All that equipment and staff makes for a staggeringly active work environment.
“A typical day is very noisy,” said Kitchen Director Gustavo Lopez. “The kettles are always running at full speed, cooking tons of food, lots of smiles, a lot of cooks running up and down the stairs.”
That activity is fueled by music, as Gustavo describes. “From Rap, Reggaeton, Salsa, Latin Rock, and Oldies. You walk from one end to the other listening to all these beats.” We’ll leave Gustavo’s definition of ‘oldies’ up to your imagination. This is a daily topic of debate in the kitchen.
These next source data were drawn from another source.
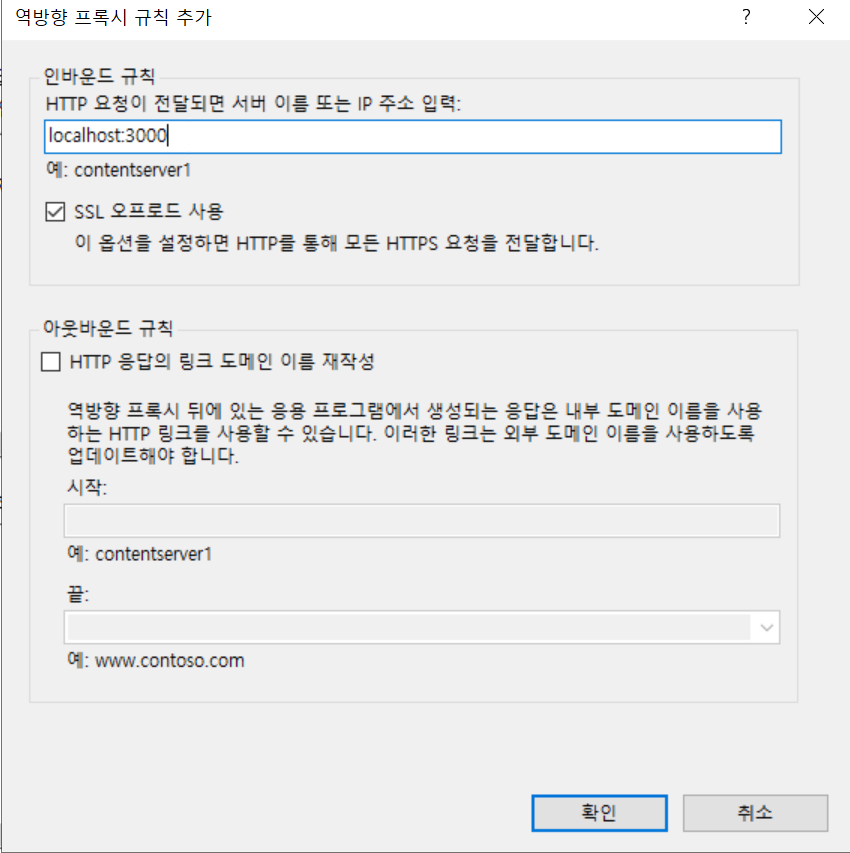 URL 재작성 -> 규칙추가 -> 역방향 프록시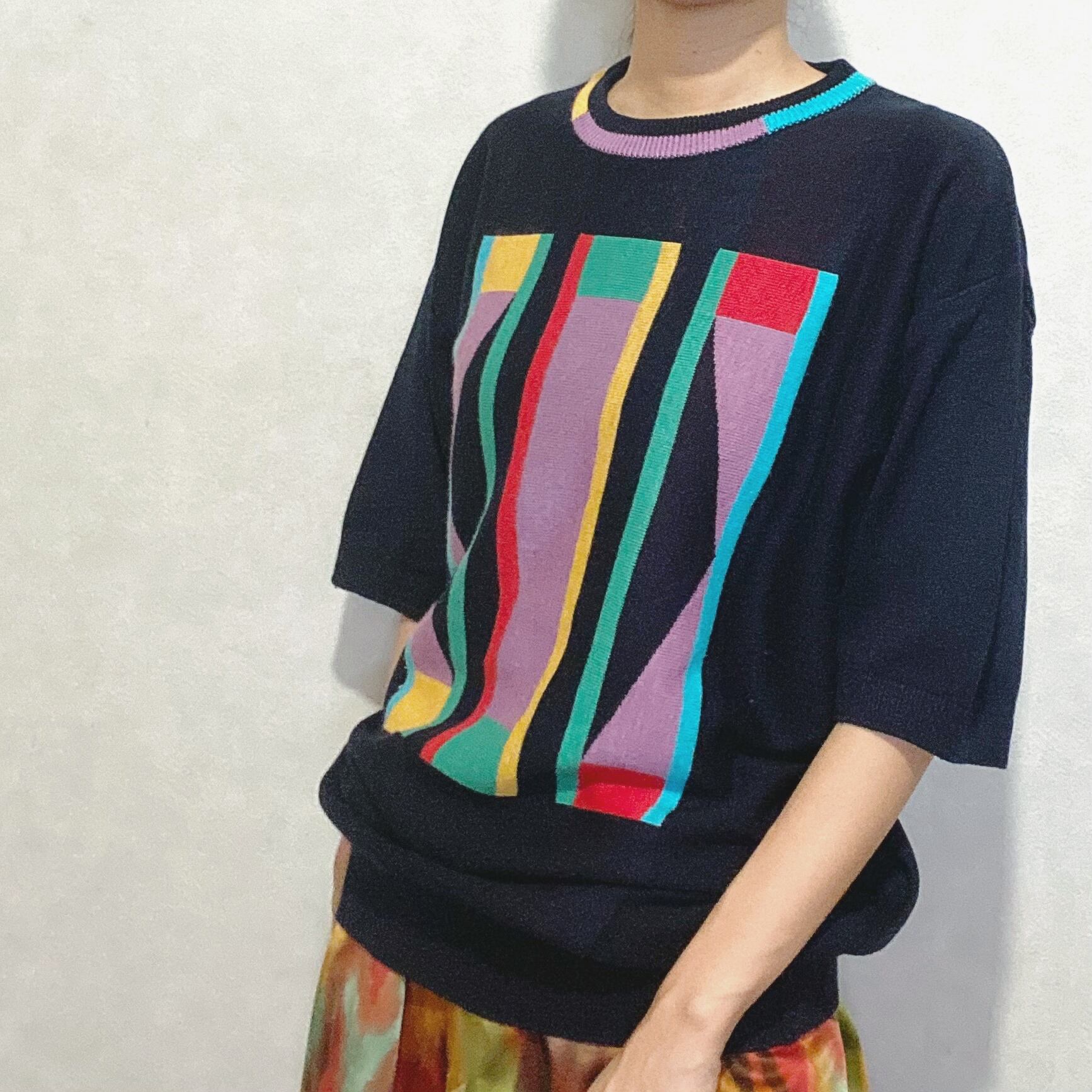 ヴィンテージ 古着 レトロ コットン アクリル 半袖ニット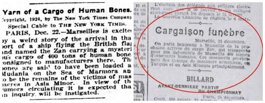 ووفقا للتقارير، فقد تم بيع عظام اليونانيين من قبل الأتراك إلى الفرنسيين للاستخدام الصناعي. في المجموع، تم نقل 400 طن من عظام بشرية، وهو ما يعني عظام 50.000 شخص، إلى الصناعات الفرنسية في مرسيليا. في 13 ديسمبر 1924، وصل قارب يحمل علما بريطانيا إلى تسالونيكي، اليونان. وعندما أُبلِغ العمال في الميناء بأمر العظام، لم يسمحوا بمغادرة القارب. سرعان ما كانت هناك مظاهرات في المدينة من قبل اللاجئين، الذين طلبوا الاستيلاء على الشحنة.
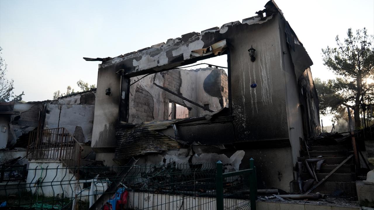 İtfaiye ekipleri yanan evlerdeki soğutma çalışmalarını sürdürüyor.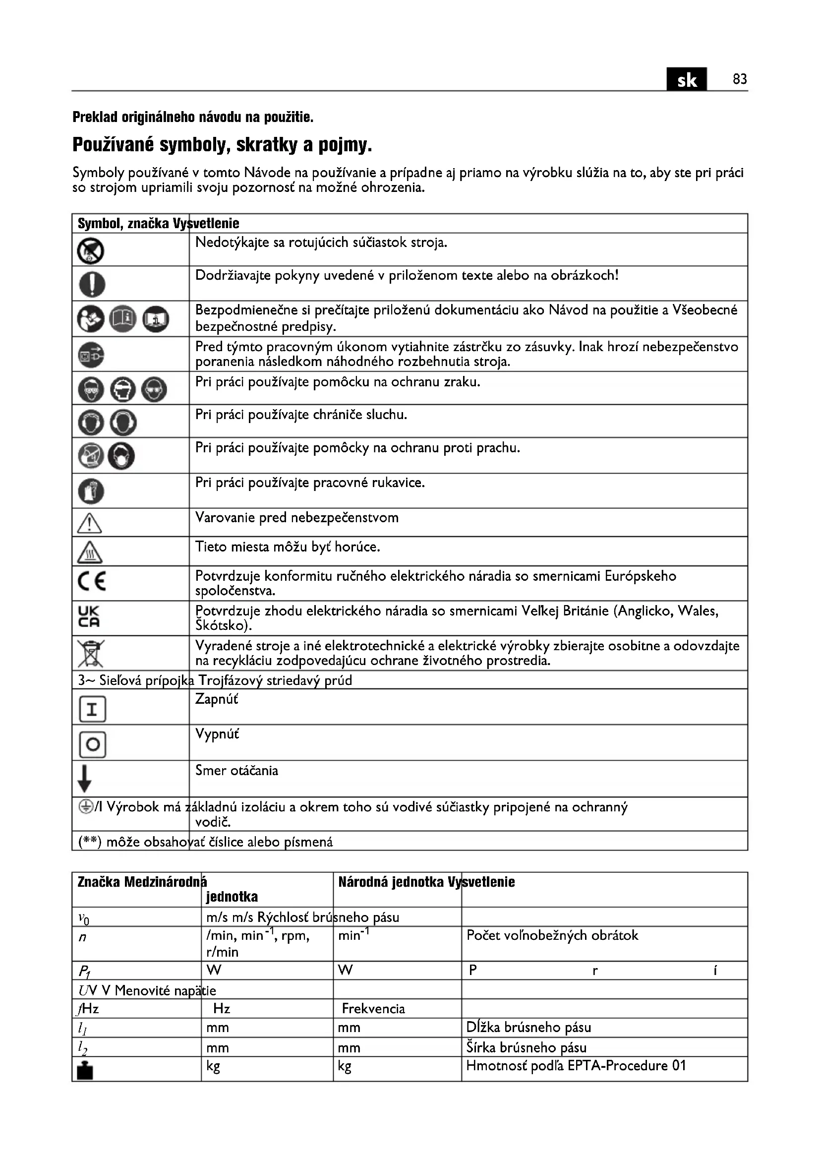 Preklad originálneho návodu na použitie. Používané symboly, skratky a pojmy. Symboly používané v tomto Návode na používanie a prípadne aj priamo na výrobku slúžia na to, aby ste pri práci so strojom upriamili svoju pozornosť na možné ohrozenia. Symbol, značka Vysvetlenie Nedotýkajte sa rotujúcich súčiastok stroja. Dodržiavajte pokyny uvedené v priloženom texte alebo na obrázkoch! Bezpodmienečne si prečítajte priloženú dokumentáciu ako Návod na použitie a Všeobecné bezpečnostné predpisy. Pred týmto pracovným úkonom vytiahnite zástrčku zo zásuvky. Inak hrozí nebezpečenstvo poranenia následkom náhodného rozbehnutia stroja. Pri práci používajte pomôcku na ochranu zraku. Pri práci používajte chrániče sluchu. Pri práci používajte pomôcky na ochranu proti prachu. Pri práci používajte pracovné rukavice. Varovanie pred nebezpečenstvom Tieto miesta môžu byť horúce. Potvrdzuje konformitu ručného elektrického náradia so smernicami Európskeho spoločenstva. Potvrdzuje zhodu elektrického náradia so smernicami Veľkej Británie (Anglicko, Wales, Škótsko). Vyradené stroje a iné elektrotechnické a elektrické výrobky zbierajte osobitne a odovzdajte na recykláciu zodpovedajúcu ochrane životného prostredia. 3~ Sieľová prípojka Trojfázový striedavý prúd Zapnúť Vypnúť Smer otáčania /I Výrobok má základnú izoláciu a okrem toho sú vodivé súčiastky pripojené na ochranný vodič. (**) môže obsahovať číslice alebo písmená Značka Medzinárodná jednotka Národná jednotka Vysvetlenie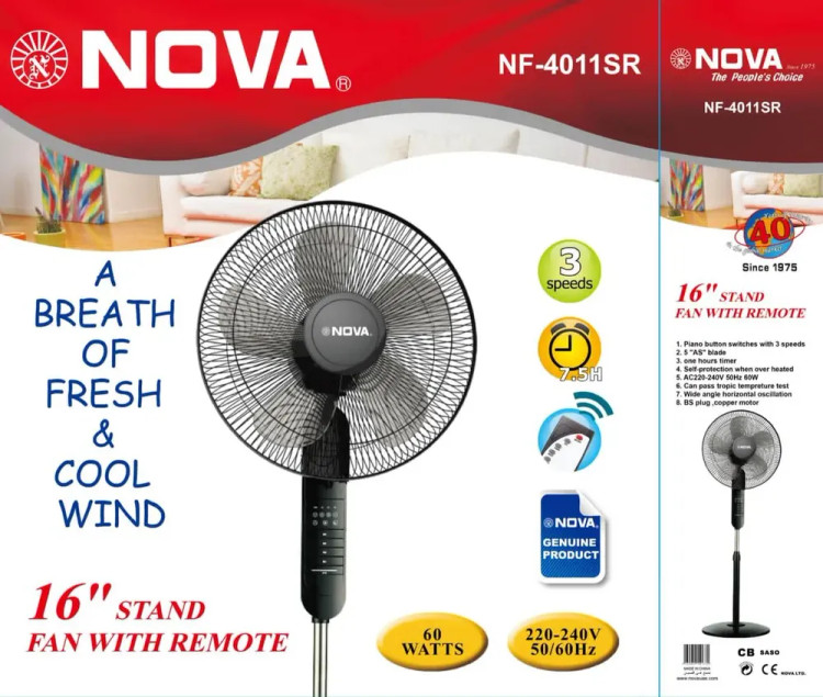 پنکه ایستاده ریموت دار "جنس پره پلاستیک مرغوب 5پره"سایز 16اینچ"3سرعته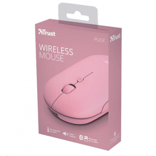 TRUST myš PUCK, bezdrátová, USB, růžová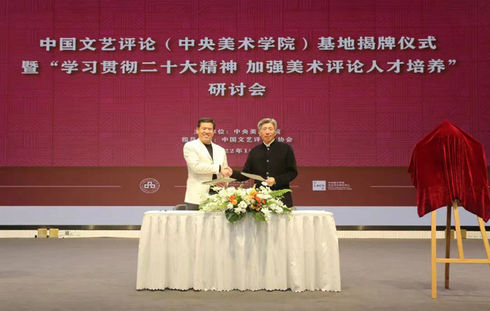 中國文藝評論家協(xié)會副主席兼秘書長、中國文聯(lián)文藝評論中心主任徐粵春與中央美術(shù)學(xué)院院長、中國美術(shù)家協(xié)會主席范迪安共同簽署《中國文藝評論基地(第二批)共建協(xié)議》

So, we’ll leave it at that.
FOOD MADE FROM THE HEART
The capabilities of the kitchen are astonishing and quality shines through. It always comes back to “food made from the heart.”
“We are far more scratch cooking than we’ve ever been before,” said David Linnell, Chief Food and Operations Officer. “We have focused on menu changes and finding products that we can make from scratch.”
It is amazing when you think about it. More meals, but better quality.
Our focus is the Continuous Quality Improvement Process, which includes taste tests. Yummy, yummy taste tests!
“We look at taste, color, texture, packaging, and the way it’s laid out inside the tray,” Linnell said. “We eat with our eyes first, we talk about all those components, and then we improve those components more than we did the last time.”
“Although we are cooking in 200-gallon kettles, we treat them as a normal size pot on the stove at home,” said Executive Chef Richard Crocker. “We build flavor by caramelizing vegetables, deglazing the pot, and maybe even reducing some wine.”
All that care. That’s what we mean by “food made from the heart.”
One of the operation’s most superb features is its location.
The Sangiacomo Flynn Building is in the heart of San Francisco’s Produce Market. The location means that relationships with produce vendors are stronger and transportation costs for many items are essentially zero.
For example, a neighbor recently had a problem. They ordered too many mangoes, 165 cases too many. They had a choice, throw them in the dumpster, or donate them. Meals on Wheels’ new location meant that we were the first call.
We were able to quickly secure this wonderful donation and mango chutney was born.
In fact, we buy our bananas from Earl’s Organic Produce, which is right across the street. Earls has the only banana ripening room on the West Coast. “They literally drive them across the street,” said David. “They bring them over on a forklift.”
Forklifted bananas…so satisfying. Even more satisfying is the knowledge that Meals on Wheels clients are getting the freshest food possible.